AI Model is the primary language model used to generate responses. Sapientia supports models in GGUF format that can be run locally.

How It Works:

  • This model acts as the "brain" of your AI assistant
  • Processes questions and generates relevant answers
  • Larger models are generally more accurate in their responses

How to Use:

  1. Click the "Change Model" button to select a model file from your local storage
  2. Select a file with .gguf format
  3. The system will display model compatibility information
  4. Click "Apply" to apply the changes

Tips:

  • Choose a model that matches your computer's RAM/VRAM capacity
  • Smaller models are faster but may be less accurate
  • Larger models are more accurate but require more resources

Embedding Model

Embedding Model is a specialized model that converts text into vector representations for semantic search and RAG (Retrieval-Augmented Generation) capabilities.

How It Works:

  • Converts text into numerical vectors
  • Enables AI to understand context and meaning of text
  • Used to search for relevant information from the knowledge base

How to Use:

  1. Click the "Change Model" button in the Embedding Model section
  2. Select an embedding model file in .gguf format
  3. Ensure the model supports the appropriate embedding dimensions (default: 2048)
  4. Click "Apply" to apply the changes

Tips:

  • Embedding models are typically smaller than the main AI model
  • A good embedding model improves document search accuracy
  • Choose a model that supports the languages you use

Inference Parameters

Temperature

Temperature controls the level of creativity and randomness in AI responses.

Value Range: 0.00 - 1.00

How It Works:

  • Low Values (0.0 - 0.3): More consistent and predictable responses. Suitable for tasks requiring high accuracy such as code, mathematics, or facts.
  • Medium Values (0.4 - 0.7): Balance between creativity and consistency. Ideal for general conversations.
  • High Values (0.8 - 1.0): More creative and varied responses. Suitable for creative writing, brainstorming, or idea exploration.

Usage Examples:

  • Temperature 0.1: "Calculate 2+2" → Always "4"
  • Temperature 0.8: "Tell me about dogs" → Various creative stories

Top-P (Nucleus Sampling)

Top-P controls response diversity by limiting word choices based on cumulative probability.

Value Range: 0.00 - 1.00

How It Works:

  • The model selects from a set of words whose cumulative probability reaches the Top-P value
  • Low Values (0.1 - 0.5): More focused and on-topic responses. AI selects from the most probable words.
  • High Values (0.6 - 1.0): More exploratory and diverse responses. AI considers more word choices.

Recommendations:

  • Use 0.9 - 1.0 for general conversations
  • Use 0.5 - 0.7 for specific tasks
  • Use < 0.5 for highly deterministic output

Top-K

Top-K limits the number of word choices the AI considers at each generation step.

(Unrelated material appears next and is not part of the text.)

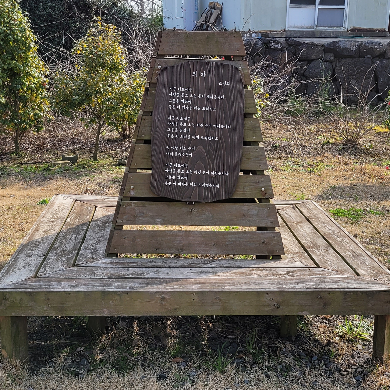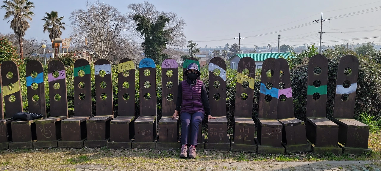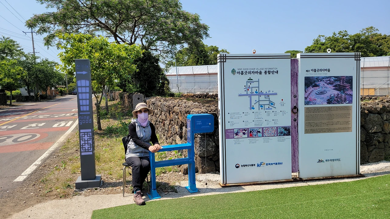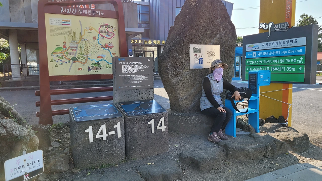 저지리 농촌체험 휴양마을 안내센터 앞에는 온통 마을 소개와 자랑이다. 여기서 오늘 일정을 마친다. 제주올레 안내센터에서 돌아갈 버스 편을 문의하니 관광지 순환버스 820번을 안내한다.(2022. 5. 17)

Value Range: 0 - unlimited (practical: 10-100)

How It Works:

  • The model only considers K words with the highest probability
  • Value 0: No limit (all words may be considered)
  • Low Values (10-30): Very safe and predictable responses
  • Medium Values (40-60): Balance between variation and consistency
  • High Values (70-100): More vocabulary variation

Difference from Top-P:

  • Top-K: Fixed number of words limit
  • Top-P: Limit based on cumulative probability (more dynamic)

Min-P

Min-P filters out low-quality word choices based on a minimum probability threshold.

Value Range: 0.00 - 1.00

How It Works:

  • Removes words with probability below the threshold
  • Low Values (0.0 - 0.3): Strict quality control, only high-probability words
  • Medium Values (0.4 - 0.6): Balance between quality and variation
  • High Values (0.7 - 1.0): More permissive, allows more variation

Benefits:

  • Prevents AI from choosing nonsensical words
  • Improves response coherence
  • Reduces irrelevant output

Seed

Seed is a value that controls the reproducibility of AI output.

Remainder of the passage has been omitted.